One vine which stages a spectacular show from late August until October is sweet autumn clematis, Clematis terniflora, a vigorous semievergreen or deciduous perennial vine captures attention by producing billowy showers of fragrant 1” wide white star-like flowers. As flowers fade, decorative fluffy silvery seedheads appear.
Although medium green heart-shaped leaves provide shade in the heat of summer, the vine remains inconspicuous until mounds of flowers appear along roadside ditches, forest edges, rights of way, vacant lots, and draped over trees and sheds. The best intended supports for a sprinter intent on spreading as far as 30’ include arbors, pergolas, fences, or trellises. Some gardeners let the vine ramble as a groundcover to prevent erosion.
Autumn clematis prefers well-drained loamy or clay-loamy soils but tolerates sandy conditions. A soil pH of 6.5-7 is preferred. While its foliage loves sun, its roots like shade, hence, mulching is recommended. Mulch clematis with composted manure or leaf mold to conserve moisture and keep roots cool. Maintain soil moisture throughout the growing season. The USDA hardiness zones for this ornamental are 4-9.
Leaves of this Japanese clematis have smooth margins and is one way to distinguish the nonnative from a look alike native species of autumn clematis with serrated leaves, Virgin’s Bower, Clematis virginiana. The native species has no fragrance.
Sweet autumn clematis has male stamens and female pistils within each flower. Virgin’s Bower has male and female flowers on separate plants. Anthers on sweet autumn clematis are longer than those of Virgin’s Bower. Both species attract pollinators including bees, flies, butterflies, and hummingbirds. Birds seeking the seeds contribute to spreading the vine.
The non-native twining vine is reputed to be invasive. Solutions to its invasive instincts are pruning, weeding, and support. Gardeners cut back stems to a foot off the ground in early spring. Removing seedlings as they sprout and mulching around plants discourages overpopulation.
Pruning immediately after flowering checks self-seeding. Enthusiasts propagate by seed, stem cuttings in early summer, and layering in late winter. The plant is often passed along at plant exchanges.

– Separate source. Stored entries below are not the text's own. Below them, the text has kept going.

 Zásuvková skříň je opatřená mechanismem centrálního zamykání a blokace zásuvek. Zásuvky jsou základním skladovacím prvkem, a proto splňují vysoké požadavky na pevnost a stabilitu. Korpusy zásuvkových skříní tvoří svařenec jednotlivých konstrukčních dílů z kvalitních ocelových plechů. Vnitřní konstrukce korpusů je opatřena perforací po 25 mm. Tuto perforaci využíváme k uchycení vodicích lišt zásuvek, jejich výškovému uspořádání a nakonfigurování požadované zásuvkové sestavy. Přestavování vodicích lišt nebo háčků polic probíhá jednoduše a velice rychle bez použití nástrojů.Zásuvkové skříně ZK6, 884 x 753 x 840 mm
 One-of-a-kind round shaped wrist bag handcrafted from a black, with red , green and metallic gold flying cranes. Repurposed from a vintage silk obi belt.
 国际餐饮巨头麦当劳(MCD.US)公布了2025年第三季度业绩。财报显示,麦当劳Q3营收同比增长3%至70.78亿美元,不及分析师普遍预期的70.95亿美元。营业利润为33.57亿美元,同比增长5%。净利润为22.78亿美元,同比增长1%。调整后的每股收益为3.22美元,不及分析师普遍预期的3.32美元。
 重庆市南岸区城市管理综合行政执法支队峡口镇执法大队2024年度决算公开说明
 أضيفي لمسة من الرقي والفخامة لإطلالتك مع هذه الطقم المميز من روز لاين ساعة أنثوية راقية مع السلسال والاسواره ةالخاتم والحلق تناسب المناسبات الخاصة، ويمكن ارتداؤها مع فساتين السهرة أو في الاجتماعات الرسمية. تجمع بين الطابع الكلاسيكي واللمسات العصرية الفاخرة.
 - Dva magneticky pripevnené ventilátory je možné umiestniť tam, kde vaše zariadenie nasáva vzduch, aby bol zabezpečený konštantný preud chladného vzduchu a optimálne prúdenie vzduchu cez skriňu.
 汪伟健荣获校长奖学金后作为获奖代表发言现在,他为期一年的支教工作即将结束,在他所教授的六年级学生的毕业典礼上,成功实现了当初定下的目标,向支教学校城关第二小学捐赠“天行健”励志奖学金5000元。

Autumn clematis vines are generally pest free but can succumb to wilt, rust, powdery mildew, and fungal spots. Leaves need to be monitored for earwigs, whiteflies, aphids, and scale insects.
The late-flowering clematis, a member of the buttercup family (Ranunculaceae), is one of the easiest clematis to grow. The fact that it blooms profusely and is fragrant in fall adds sensory enchantment to the landscape.